Les événements remontaient à l’époque où, pour la première fois après sa longue absence, le marquis de Valcor revenait en Bretagne.
Il y semblait un inconnu. Parti à vingt ans, il reparaissait vers la trentaine. Intervalle capable de changer un homme, même si cet homme n’avait pas doublé, pour ainsi dire, par une existence aventureuse, les années écoulées. Autour de Valcor, les êtres aussi s’étaient transformés, les cœurs avaient oublié. Un seul gardait la mémoire de l’absent. Mais ce cœur-là, ce cœur plein d’amour, s’isola farouchement dans Ferneuse auprès du petit Hervé, et ce ne fut pas durant ce séjour de Renaud en Bretagne que Gaétane le revit.
Il y était venu parce qu’il fallait que la nouvelle marquise connût enfin le domaine dont elle portait le nom, et parce que les médecins ordonnaient ce salubre séjour à la délicate jeune femme, sur le point d’être mère.
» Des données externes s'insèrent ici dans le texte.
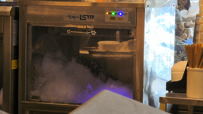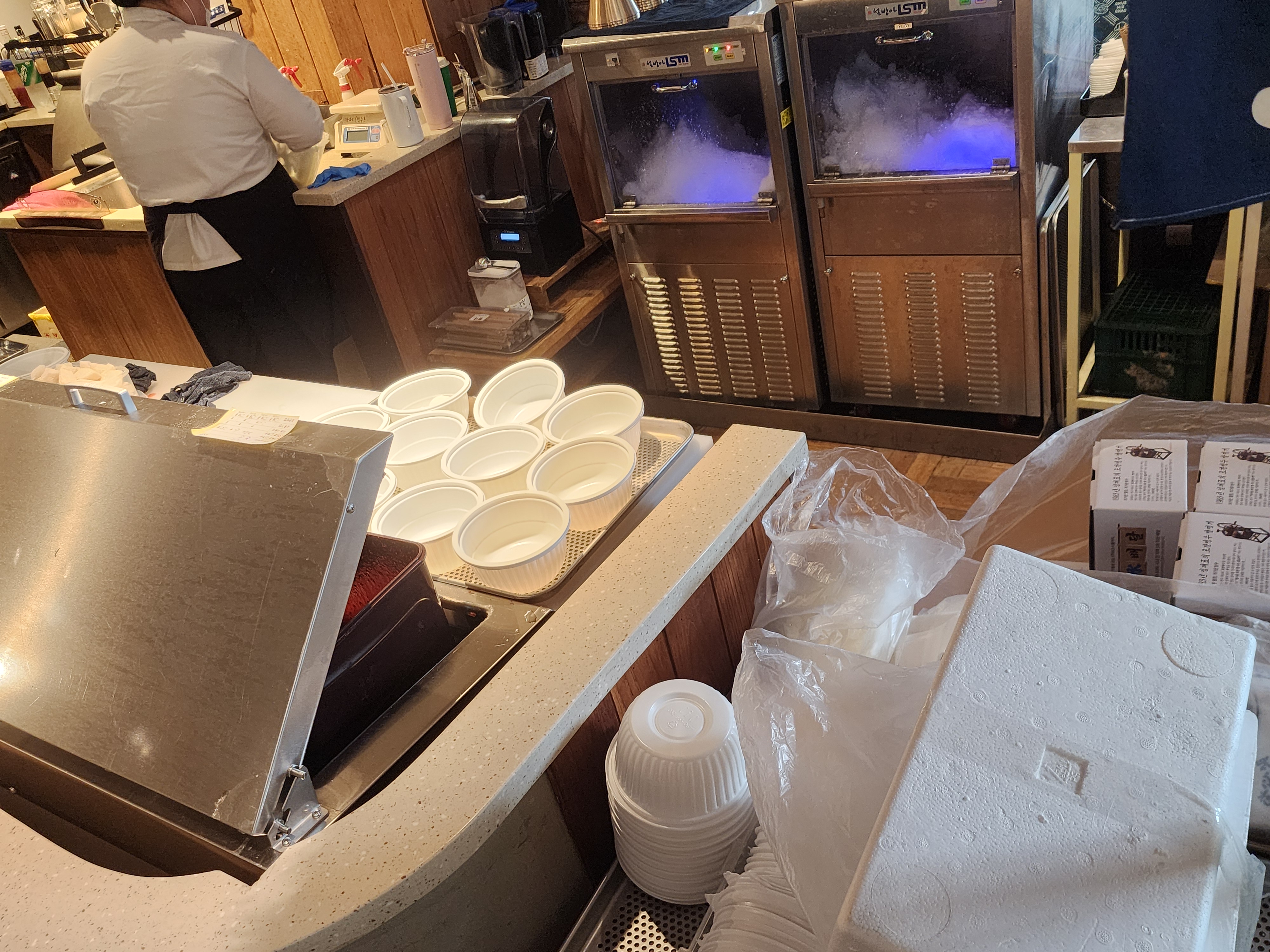 한쪽에선 빙수 얼음을 계속 만들고 빨리 포장을 하기 위해 그릇을 미리 세팅해 두셨습니다.
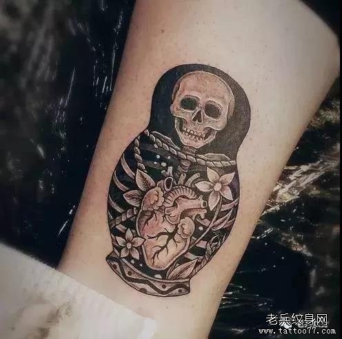 组合了俄罗斯套娃,心脏,骷髅头骨的独特纹身
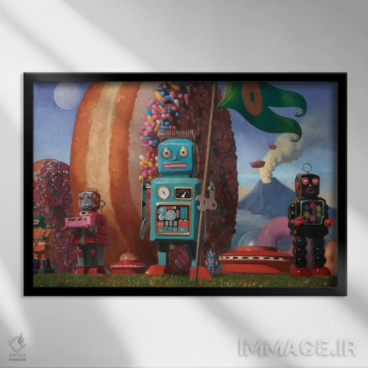 براساس پالت ترکیبی اثر، قاب تیک گرم (چوبی) پیشنهاد اول است و مشکی مات (فریم متوسط) مکمل. برای سفارشهای پروژهای با ابعاد و قابهای اختصاصی با ایماژ در تماس باشید.
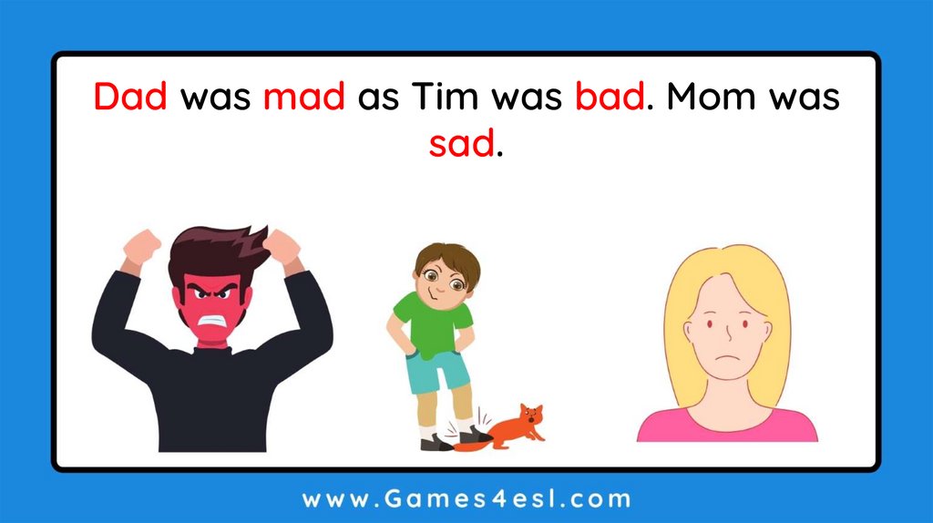 Dad was mad as Tim was bad. Mom was
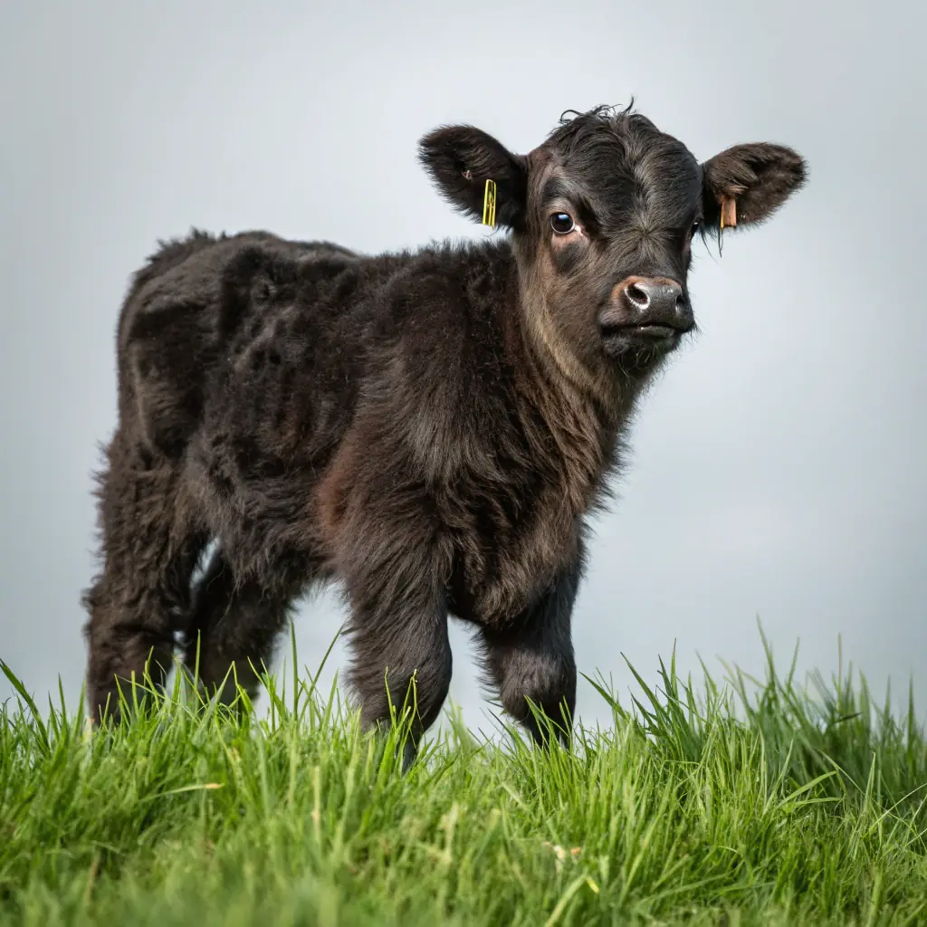 This sleek mini highland calf boasts a shiny black coat and a compact, muscular frame. Its friendly expression and manageable size make it an excellent pet or farm animal. The calf’s distinctive look and gentle nature make it a favorite among animal lovers. Perfect for small farms, petting zoos, or as a charming companion piece.
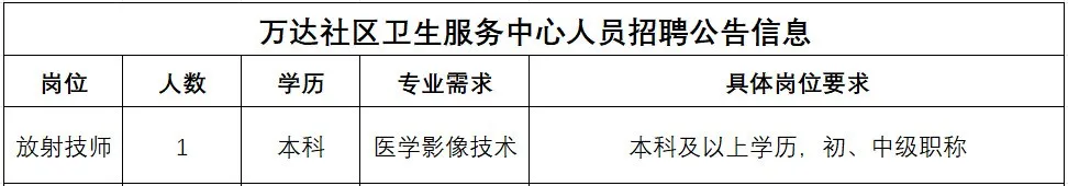 根據(jù)工作需要,銀山街道萬達(dá)社區(qū)衛(wèi)生服務(wù)中心現(xiàn)向社會(huì)招聘相關(guān)崗位人員,所有崗位按社區(qū)人員條件招聘,執(zhí)行社區(qū)待遇,具體崗位需求如下:
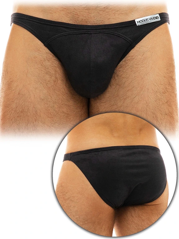 La mati?re en velour du slip noir Low Cut Suede de Modus Vivendi rend ce slip super doux au toucher et ? porter pour profiter de corps ? corps torrides avec votre partenaire.
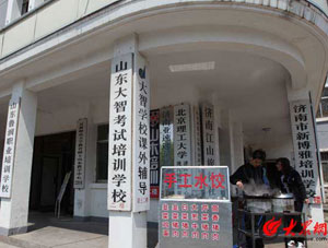 不但是到學校門口來派發廣告,越來越多的補習班已經開始在各個學校的周圍“安營扎寨”,在山師附小和附中的周圍,就云集著新東方、大智學校、阿里斯頓等數十家教育培訓機構 。

A peine le couple fut-il installé dans la seigneuriale demeure, que les pauvres gens de la région, ceux mêmes qui ne se rappelaient pas les traits du châtelain, reconnurent sa présence aux bienfaits répandus partout sur eux. Mais il était une famille qui retrouva tout de suite, et plus directement, la bienveillance du maître de Valcor. Ce furent les Gaël. Presque aussitôt après son arrivée, Renaud s’enquit de ces vaillants marins, dont les destinées avaient toujours été plus ou moins liées à celles de ses ancêtres.
Il se vit en face d’un sombre désespoir d’aïeule et de mère. Le fils aîné, Bertrand, avait péri dans le naufrage d’un transport de l’État, sur lequel il achevait ses années de service. Sa veuve, Mauricette, la raison ébranlée par ce malheur, n’était pas plus capable d’élever sa petite Bertrande que de se conduire elle-même. Hélas! pauvre créature, elle se trouvait, en ce moment même, victime de ce doux égarement, qui lui valait le surnom de l’Innocente. Le drame le plus douloureux se déroulait dans l’humble maison. Le second fils de Mathurine, le violent et ardent Mathias, avait profité du trouble cérébral de sa belle-sœur pour commettre une action abominable. Dans un instant de vertige, regretté aussitôt d’ailleurs, il avait abusé de celle qui pleurait si fidèlement son frère. Et maintenant Mauricette était enceinte.
La rigide et orgueilleuse Mathurine cachait à tous l’état de sa bru, dont l’Innocente elle-même ne se rendait pas compte. Mais le moment approchait où naîtrait le malheureux enfant. Sous quel opprobre n’entrerait-il pas dans la vie! Et quelle honte pour cette lignée des Gaël, qui, jusqu’ici, portait le front si haut!
Le marquis de Valcor arriva pour recevoir de l’aïeule cette sombre confidence.
—«Ne craignez rien, maman Gaël,» dit-il à la vieille paysanne. «Nul ne saura que l’Innocente a rompu—sans le vouloir, pauvre femme!—le deuil qu’elle mène en un triste et touchant délire, et qui la rend presque sacrée au regard superstitieux des marins. On ignorera le crime de votre fils Mathias. Continuez à dissimuler la situation de Mauricette. Si cela devient trop difficile, nous dirons qu’elle est malade, et je la placerai chez des gens sûrs.
—Il n’y a de sûr que moi-même,» fit Mathurine. «Je garderai ma bru, je la délivrerai de mes mains. Je réponds que l’enfant viendra au monde sans qu’on s’en doute. Mais ensuite, qu’en ferons-nous?
—Vous me l’enverrez,» dit le marquis. «Mathias peut l’apporter secrètement à Valcor. Je le suppose disposé à réparer sa faute.